Sylvia Nablo de Vasquez

On day two assists

Several years ago my fiance Yovanny and I took a bus trip from Honduras, through El Salvador and Guatemala, to our present home of Belize. It was an inexpensive trip, costing about US$30 per person, but Yovanny was a starving student and I had been earning only about US$65 every two weeks as a teacher in Honduras. It was enough for two people to live on, but my final paycheck had to cover all the expenses of the trip. All we had was US$5 for food on the 14-hour journey.

A Honduran who had traveled that route several times gave us instructions for the trip, assuring us that no visas were required to enter El Salvador or Guatemala. I was a Canadian citizen with permanent residency in Belize, and Yovanny, a Honduran, already had his visa to enter Belize.

We arrived at the border between Honduras and El Salvador mid-morning, and handed our passports to the immigration officer. He asked for my visa so I could enter El Salvador. I said I had been told I didn’t need one.

“He doesn’t,” said the officer, indicating Yovanny. “You’re not from Central America. You do. It will cost you US$25 and you have to go back to Choluteca (the nearest Honduran city) to buy it.”

My heart rose in my throat and I looked at Yovanny. We explained our situation to the immigration officer and begged him to let me in anyway. He stood firm.

He was not going to let me into the country without the visa, so I offered a compromise: that he sell me the visa there at the border.
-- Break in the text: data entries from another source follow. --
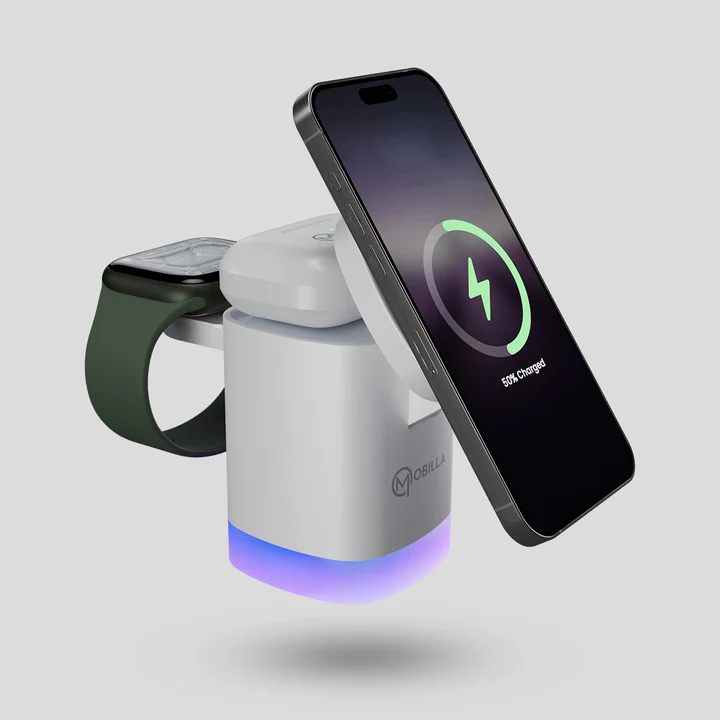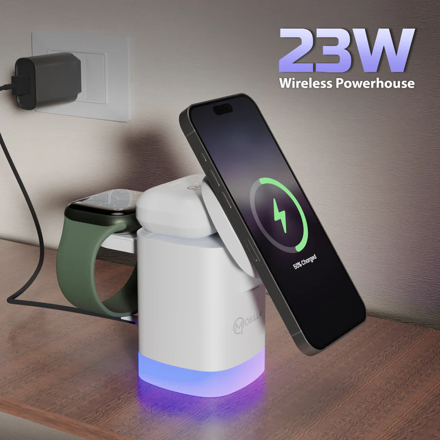 3 in 1 Wirless Charger | 23W Wirless Charging | MagSafe Compatible | 2 RGB Light Modes | Compact & Portable Design | Sleek Design | Strong Magnet | Secure Charging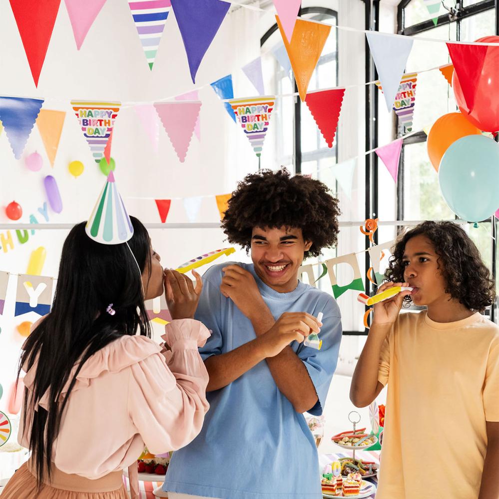 Denna färgglada flaggirland i tyg forvandler hvert rum til en fest. Den er perfekt som stofguirlande og som smart hængende dekoration til fest, takket være sin praktiske opbevaring. Den er et must blandt dine festdekorationer til både børn og voksne.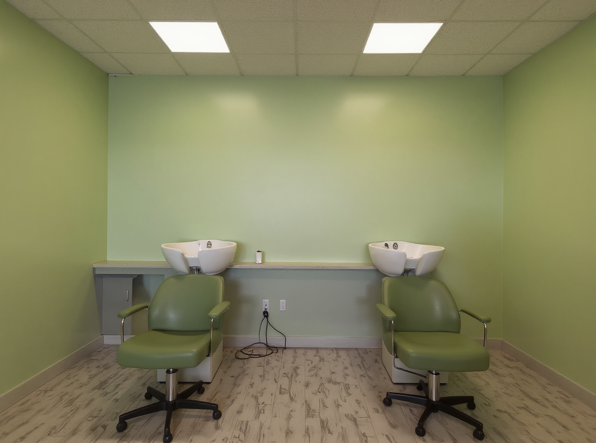 render a modern architectural building with an urban environment the building features a dynamic wavy facade with a combination of smooth glass and textured concrete use soft muted grays for the concrete and reflective blues for the glass incorporate lush greenery with deep green trees along the sides highlight the street with soft asphalt gray and subtle white curbs adding a sense of tranquility to the urban setting the atmosphere should be calm and slightly overcast with diffused lighting to bring out the architectural details beautifully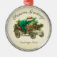 Esta design adorável apresenta um carro vintage decorado com sombra e bagas. No carro há uma árvore de Natal fresca com uma etiqueta de SÓDIO. O fundo também como um pergaminho vintage. Na parte inferior há uma caixa de texto que permite personalizar seu ornamento.

We would have to find the money to continue the trip in some other way. We didn’t know how, but we would tackle one problem at a time.
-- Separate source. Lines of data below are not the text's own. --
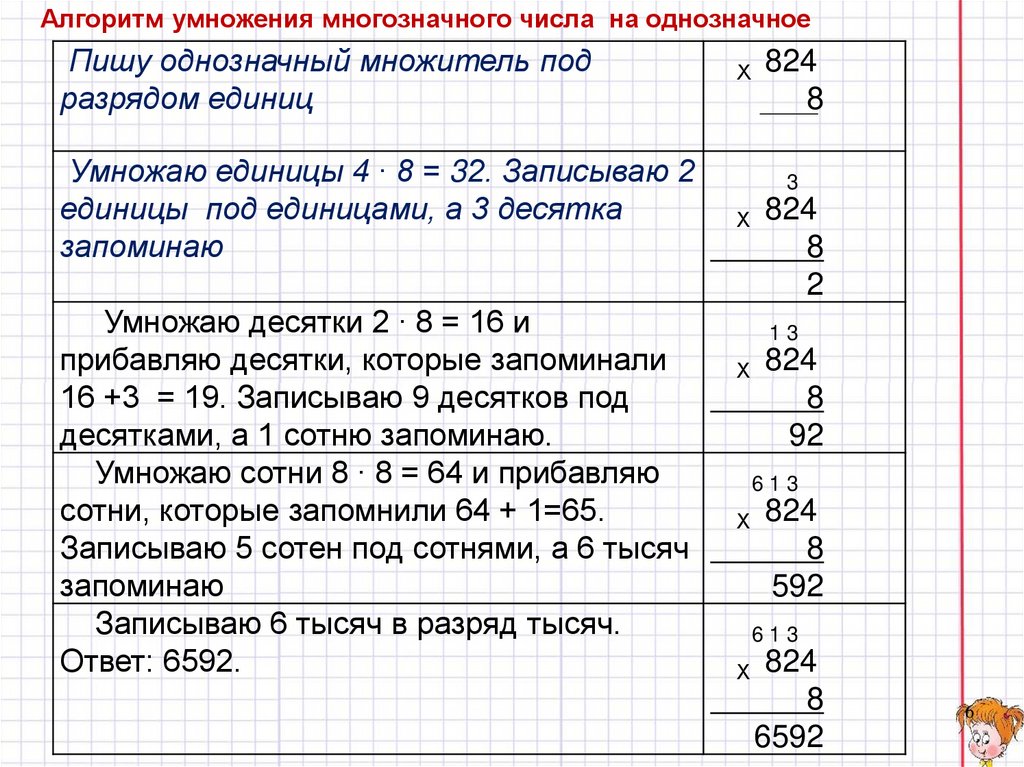 Алгоритм умножения многозначного числа на однозначноеПишу однозначный множитель под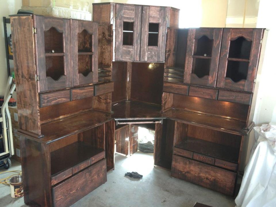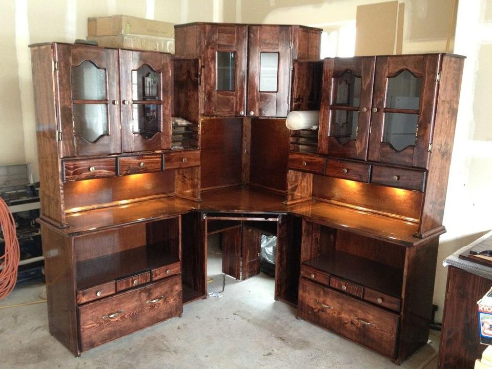 This big guy was built as a corner computer hutch/desk. I came up with the design thanks to an executive set that my father-in-law owns. I modified his design to allow for a corner setup. The wood choices again came from a thrift mentality. I actually used MDF wood that I had used on another desk that I ended up not liking. The MDF is used as paneling inside of a pine frame. It’s a cheaper option and a very common board. For the drawer fronts I used pine again, and the same for the window pane frames.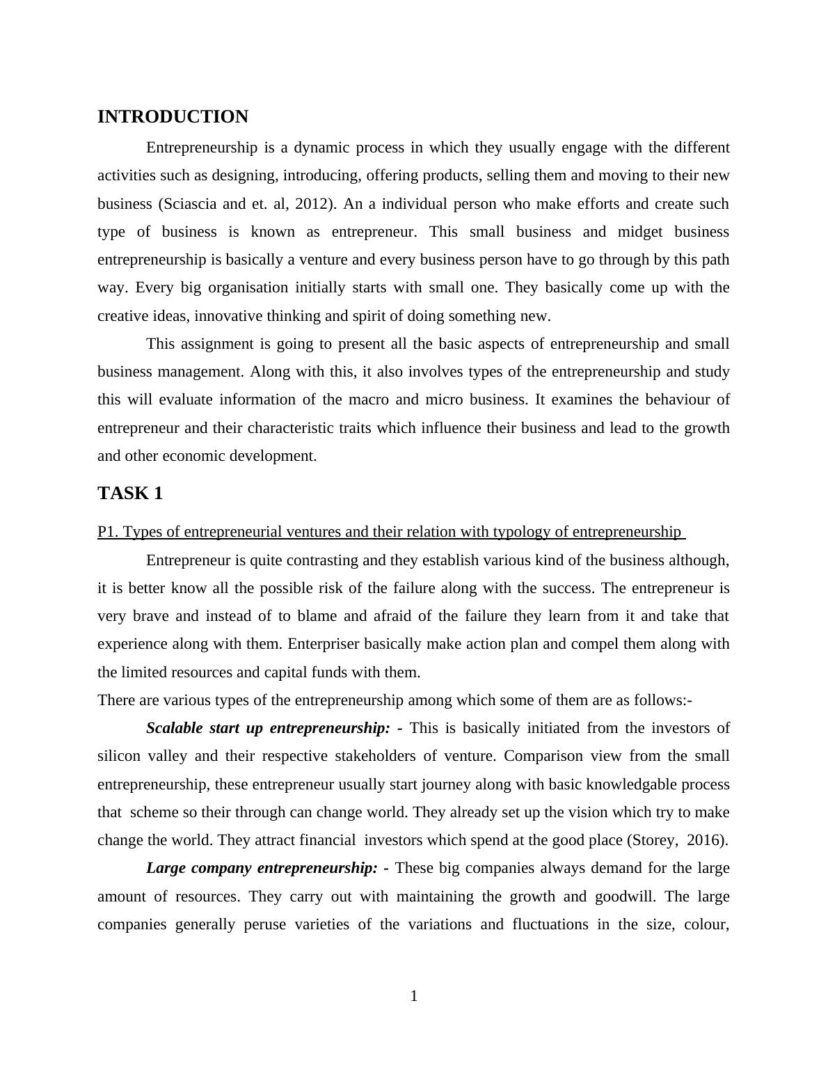 business (Sciascia and et. al, 2012). An a individual person who make efforts and create such
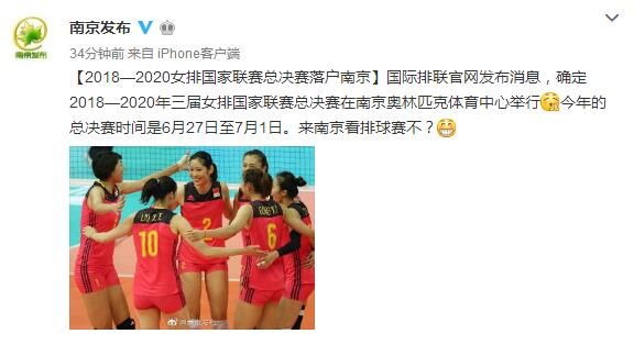2月22日凌晨,国际排联官网发布消息,确定2018-2020年三届女排国家联赛总决赛举办地为中国南京(奥林匹克体育中心)。国际女排联赛就是之前的女排大奖赛,今年,国际排联对此项赛事进行了改革,先是更名,然后增加了参赛队伍数量,分站赛也增多了,2017年总决赛就曾在南京进行。

At first he refused to sell me the visa. Then, perhaps sensing I was desperate, he asked how I would pay for the rest of the trip. I told him to let me worry about that. In two minutes we were back on the bus, visa stamped in my passport, wondering how we would get to Belize.
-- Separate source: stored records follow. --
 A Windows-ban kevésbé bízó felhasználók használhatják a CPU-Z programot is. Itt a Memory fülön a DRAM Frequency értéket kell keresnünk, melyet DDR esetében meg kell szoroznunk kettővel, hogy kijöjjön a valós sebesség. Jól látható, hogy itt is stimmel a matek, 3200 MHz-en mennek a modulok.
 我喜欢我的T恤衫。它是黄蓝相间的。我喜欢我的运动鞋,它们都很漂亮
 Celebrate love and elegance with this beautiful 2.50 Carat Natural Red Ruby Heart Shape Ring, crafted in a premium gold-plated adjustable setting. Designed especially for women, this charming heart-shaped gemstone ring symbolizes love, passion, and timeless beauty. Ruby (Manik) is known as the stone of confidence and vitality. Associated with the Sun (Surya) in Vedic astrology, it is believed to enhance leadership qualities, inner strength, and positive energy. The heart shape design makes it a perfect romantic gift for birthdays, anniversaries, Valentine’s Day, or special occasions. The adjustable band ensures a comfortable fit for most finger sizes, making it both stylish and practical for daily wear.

We knew only two people in San Salvador, an American couple we had met twice through our religious community when they visited Honduras. Would they help us? Once we found their phone number, “Tim” came to the bus station immediately. His only question was how much we needed. We asked for a little extra, in case we ran into other complications. We even gave some of the extra money to another traveler who was also stranded because of unexpected costs. We mailed Tim’s money back as soon as possible.

If we had been forced to return to Honduras, our trip would have been delayed for weeks. However, thanks to an immigration officer who bent the rules, and a relative stranger willing to risk lending us money, we arrived as planned. We will always be grateful for their understanding and trust.